** Records supplied **

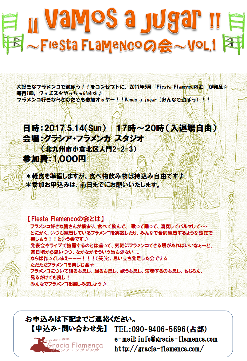 ◎5月14日(日) ¡¡Vamos a jugar!!~Fiesta flamencoの会~Vol.1
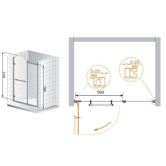 • Стекло: 8 мм; PP(матовое с прозрачным узором)
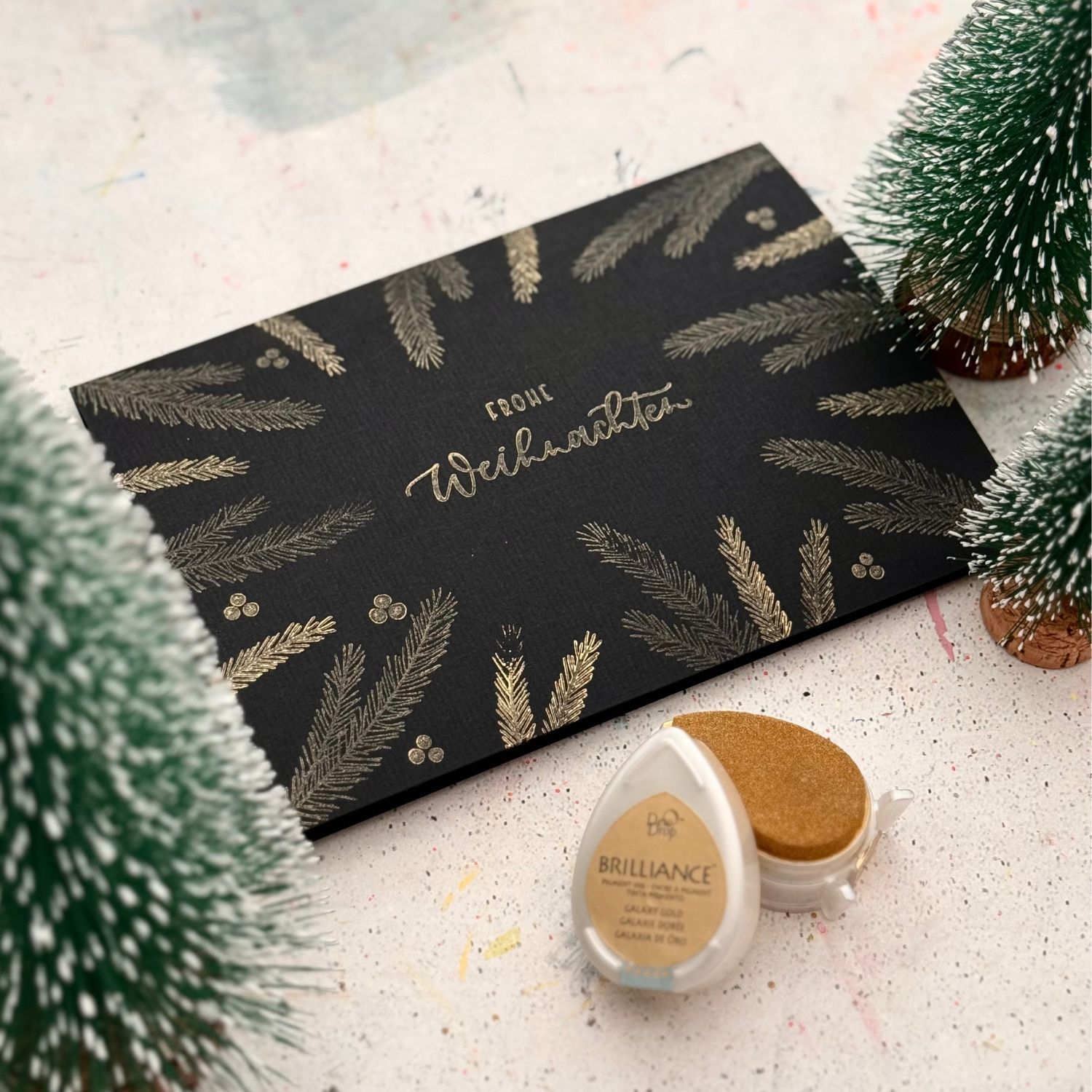 - Trage Tinte auf den Stempel auf (z.B. StazOn Jet Black oder Snowflake)
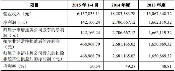 该公司在2015年1-4月、2014年、2013年的毛利率分别是50.54%、49.27%、48.81%。50%的毛利率,意味着母爱婴童公司投入产出比较高。
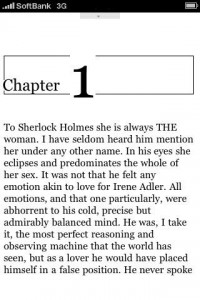 まだちょっと触ってみただけだけれど、iPhone で、用意されているライブラリから「シャーロックホームズの冒険」を見てみるとこんな感じ。
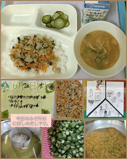 大阪市の学校給食では、さば節と煮干しの混合けずりぶし、昆布、かつお節、煮干し、干ししいたけなどを出汁として使用しています。

** Action item **
Repeat, exactly and in full, all the material above except its pictures.

** Written reply **
 ◎5月14日(日) ¡¡Vamos a jugar!!~Fiesta flamencoの会~Vol.1
 • Стекло: 8 мм; PP(матовое с прозрачным узором)
 - Trage Tinte auf den Stempel auf (z.B. StazOn Jet Black oder Snowflake)
 该公司在2015年1-4月、2014年、2013年的毛利率分别是50.54%、49.27%、48.81%。50%的毛利率,意味着母爱婴童公司投入产出比较高。
 まだちょっと触ってみただけだけれど、iPhone で、用意されているライブラリから「シャーロックホームズの冒険」を見てみるとこんな感じ。
 大阪市の学校給食では、さば節と煮干しの混合けずりぶし、昆布、かつお節、煮干し、干ししいたけなどを出汁として使用しています。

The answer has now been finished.